Now that he has the relevant data, his next step would be to forecast the sales, for say tomorrow, given the temperature estimates from the weather channel. This kind of problem falls under the second category of machine learning called “Regression”.  So basically, regression is the estimation of a continuous output variable from a series of other changing (mostly independent) variables. As you can tell, it’s quite different from classification in terms of the nature of the dependent variable. In a classification problem, like the one discussed earlier, the number of classes were limited (ex: orange, apple, banana etc.). In case of regression, the dependent variable (output variable), to be predicted, is generally continuous in nature (ex: the sales for the next day which can have a broad range from 0 to say 10,000).

Now that you have an idea of what regression is, the easiest and most intuitive way to approach this problem is by plotting the data points and examining the relationship between the dependent and the independent variables. For this example, we get the below scatter plot by using the historical sales data.

regression

From the plot, it can be seen that the sales exhibit a linear relationship with the temperature. So we can use a straight line equation, given below, to model the relationship between the sales and the temperature.

y = a*x + c

Substituting the respective terms, we have:

   Sales = a * Temperature + c

The above formulation is termed as Simple Linear Regression and by intuition, it represents the straight line which best fits the historical data points. ‘Simple’ because there is only one independent variable (temperature in this case) used to estimate the dependent variable and ‘linear’ because we assume a linear relationship between sales and temperature.

Let us take a closer look at the above equation. ‘a’ is called the regression coefficient for the temperature variable and is the amount by which the sales will change for a unit increase in temperature. By intuition, ‘a’ should be negative since sales increase if the temperature falls. ‘c’ is called the intercept (like in a straight line equation) and can be interpreted as the sales that would take place when the temperature is zero. The intercept can also be interpreted as the constant part of the sales which cannot be explained by the variance in temperature.

As you would have probably guessed, the sales on a particular day would not only depend on the temperature but also on various other factors such as discounts offered, whether it is a holiday, availability of special items etc. These factors can be easily incorporated into the model as shown below.

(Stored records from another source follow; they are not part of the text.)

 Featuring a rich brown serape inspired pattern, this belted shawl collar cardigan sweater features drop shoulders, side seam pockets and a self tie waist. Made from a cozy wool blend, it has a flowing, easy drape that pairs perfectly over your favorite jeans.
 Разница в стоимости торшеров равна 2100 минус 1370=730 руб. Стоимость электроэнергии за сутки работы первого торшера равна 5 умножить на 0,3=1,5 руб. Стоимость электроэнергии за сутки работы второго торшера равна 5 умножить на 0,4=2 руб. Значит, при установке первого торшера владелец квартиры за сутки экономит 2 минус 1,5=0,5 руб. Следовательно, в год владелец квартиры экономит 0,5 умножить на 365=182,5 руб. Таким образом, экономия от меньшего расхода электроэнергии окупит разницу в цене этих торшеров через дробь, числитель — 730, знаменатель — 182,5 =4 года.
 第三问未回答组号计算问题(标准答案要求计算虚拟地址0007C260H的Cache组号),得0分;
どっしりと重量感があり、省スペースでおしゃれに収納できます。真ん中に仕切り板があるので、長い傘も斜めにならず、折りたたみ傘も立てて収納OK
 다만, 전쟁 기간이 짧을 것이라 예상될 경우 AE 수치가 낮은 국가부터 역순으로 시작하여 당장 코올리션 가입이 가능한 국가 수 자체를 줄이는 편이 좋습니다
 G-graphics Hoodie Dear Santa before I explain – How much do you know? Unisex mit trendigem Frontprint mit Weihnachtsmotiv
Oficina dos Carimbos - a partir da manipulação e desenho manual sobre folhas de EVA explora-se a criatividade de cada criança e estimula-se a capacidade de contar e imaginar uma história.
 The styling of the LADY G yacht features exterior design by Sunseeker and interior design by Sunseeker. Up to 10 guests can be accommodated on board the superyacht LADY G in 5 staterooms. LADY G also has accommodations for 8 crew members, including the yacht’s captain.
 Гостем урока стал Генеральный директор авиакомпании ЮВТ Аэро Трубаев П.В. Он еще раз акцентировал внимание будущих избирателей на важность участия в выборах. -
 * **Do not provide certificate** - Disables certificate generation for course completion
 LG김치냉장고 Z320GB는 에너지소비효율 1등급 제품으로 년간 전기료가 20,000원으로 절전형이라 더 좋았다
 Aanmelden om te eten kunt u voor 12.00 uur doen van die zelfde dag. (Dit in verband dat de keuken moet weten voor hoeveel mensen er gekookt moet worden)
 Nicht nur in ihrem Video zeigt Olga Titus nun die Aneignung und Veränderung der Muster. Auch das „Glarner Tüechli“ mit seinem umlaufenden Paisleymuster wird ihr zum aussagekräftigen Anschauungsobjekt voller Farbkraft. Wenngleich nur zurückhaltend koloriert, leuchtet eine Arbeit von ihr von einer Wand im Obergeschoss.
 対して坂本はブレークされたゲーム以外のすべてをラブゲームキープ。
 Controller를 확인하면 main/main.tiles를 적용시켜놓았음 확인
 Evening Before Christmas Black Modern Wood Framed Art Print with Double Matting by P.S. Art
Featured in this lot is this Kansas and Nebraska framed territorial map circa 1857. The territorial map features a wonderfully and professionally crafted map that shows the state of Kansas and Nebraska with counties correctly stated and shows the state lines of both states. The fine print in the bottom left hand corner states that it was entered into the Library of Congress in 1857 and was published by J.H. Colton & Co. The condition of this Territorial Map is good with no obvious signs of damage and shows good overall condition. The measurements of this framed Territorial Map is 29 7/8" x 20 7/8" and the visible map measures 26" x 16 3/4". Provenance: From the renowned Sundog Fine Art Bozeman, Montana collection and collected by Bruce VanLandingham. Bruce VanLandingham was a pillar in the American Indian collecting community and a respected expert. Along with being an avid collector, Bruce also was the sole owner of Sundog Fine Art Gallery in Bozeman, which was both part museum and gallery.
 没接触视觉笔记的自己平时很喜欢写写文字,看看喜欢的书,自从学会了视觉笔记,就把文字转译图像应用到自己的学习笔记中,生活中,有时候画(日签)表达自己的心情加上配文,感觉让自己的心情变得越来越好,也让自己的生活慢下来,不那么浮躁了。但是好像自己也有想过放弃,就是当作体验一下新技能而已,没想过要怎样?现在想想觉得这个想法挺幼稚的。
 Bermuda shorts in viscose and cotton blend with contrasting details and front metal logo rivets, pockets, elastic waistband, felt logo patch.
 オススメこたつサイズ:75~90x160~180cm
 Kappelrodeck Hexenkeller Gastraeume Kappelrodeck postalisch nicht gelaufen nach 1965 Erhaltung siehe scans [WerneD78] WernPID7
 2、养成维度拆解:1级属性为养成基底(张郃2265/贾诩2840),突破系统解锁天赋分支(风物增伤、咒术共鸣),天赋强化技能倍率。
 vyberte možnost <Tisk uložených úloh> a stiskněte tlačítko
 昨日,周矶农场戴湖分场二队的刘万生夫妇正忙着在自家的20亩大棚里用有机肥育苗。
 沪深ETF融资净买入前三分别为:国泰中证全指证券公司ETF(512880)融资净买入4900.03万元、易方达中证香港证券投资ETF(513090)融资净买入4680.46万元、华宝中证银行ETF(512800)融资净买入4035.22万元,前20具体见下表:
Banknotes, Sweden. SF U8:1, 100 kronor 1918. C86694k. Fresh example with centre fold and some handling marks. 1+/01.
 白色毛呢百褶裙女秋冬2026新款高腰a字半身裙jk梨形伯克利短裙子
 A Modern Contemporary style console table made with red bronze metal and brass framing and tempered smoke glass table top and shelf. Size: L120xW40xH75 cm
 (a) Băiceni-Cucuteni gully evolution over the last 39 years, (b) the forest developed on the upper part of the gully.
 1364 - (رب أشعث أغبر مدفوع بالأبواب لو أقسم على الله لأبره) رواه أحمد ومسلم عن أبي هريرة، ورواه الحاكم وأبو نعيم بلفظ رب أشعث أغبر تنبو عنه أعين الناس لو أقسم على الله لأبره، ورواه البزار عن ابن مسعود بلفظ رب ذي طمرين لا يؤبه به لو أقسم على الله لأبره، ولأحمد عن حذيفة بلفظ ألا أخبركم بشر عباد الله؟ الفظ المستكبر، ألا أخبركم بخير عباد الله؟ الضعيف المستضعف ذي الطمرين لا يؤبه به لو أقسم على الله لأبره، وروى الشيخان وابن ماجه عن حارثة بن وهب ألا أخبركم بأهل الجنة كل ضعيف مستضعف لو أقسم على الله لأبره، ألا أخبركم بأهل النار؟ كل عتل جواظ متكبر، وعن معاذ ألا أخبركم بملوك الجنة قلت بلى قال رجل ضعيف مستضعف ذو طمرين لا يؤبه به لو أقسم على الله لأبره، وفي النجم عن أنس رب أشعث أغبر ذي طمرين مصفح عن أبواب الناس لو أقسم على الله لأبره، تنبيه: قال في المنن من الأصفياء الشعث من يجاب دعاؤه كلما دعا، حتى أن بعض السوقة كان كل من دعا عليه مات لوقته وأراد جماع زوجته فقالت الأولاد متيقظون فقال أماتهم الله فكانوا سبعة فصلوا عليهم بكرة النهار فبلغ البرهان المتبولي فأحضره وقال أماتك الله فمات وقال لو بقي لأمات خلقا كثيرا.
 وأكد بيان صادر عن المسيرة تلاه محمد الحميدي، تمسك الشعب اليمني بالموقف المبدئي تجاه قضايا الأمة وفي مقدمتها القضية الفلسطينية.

Sales = a1 * Temperature+a2 * Discount+a3 * isHoliday+a4 * SpcItemsPresent+ c

The above formulation is termed as multiple linear regression and by intuition, it represents the plane which best fits the historical data points. ‘Multiple’ because there are now more than one independent variable used to estimate the dependent variable and ‘linear’ because the relationship between the dependent and each of the independent variable is still assumed to be linear.

Here, the terms ‘a1’, ‘a2’, ‘a3’ and ‘a4’ are the regression coefficients of the respective independent variables and c is the intercept. The variable “isHoliday” and “SpclItemsPresent” are indicator variables i.e. they take only two values, 0 or 1. So if it’s a holiday, the “Holiday” variable becomes 1 and contributes to the sales by an amount “a2”. “SpclItemsPresent” also behaves similarly as the “isHoliday” variable

Now that the formulations have been done, the next step involves the estimation of  the unknown terms, ‘a1’,’a2’,’a3’,’a4’ and ‘c’, in the above equation. This is where the machine learning would come into picture. But before we get into the estimation part, let us look at the purpose of this estimation process again. We want a system which gives a reliable forecast of the sales given the set of observable independent variable. So the ideal values of unknown terms in the above equation would be those which would give the most accurate forecasts. To put it in another way, we would like to choose those values for the unknown terms which would reduce the average forecast error. Now you would have understood why I wanted to re-iterate over the objective. In the next article, we shall discuss about how the coefficients can be chosen to minimize this forecast error.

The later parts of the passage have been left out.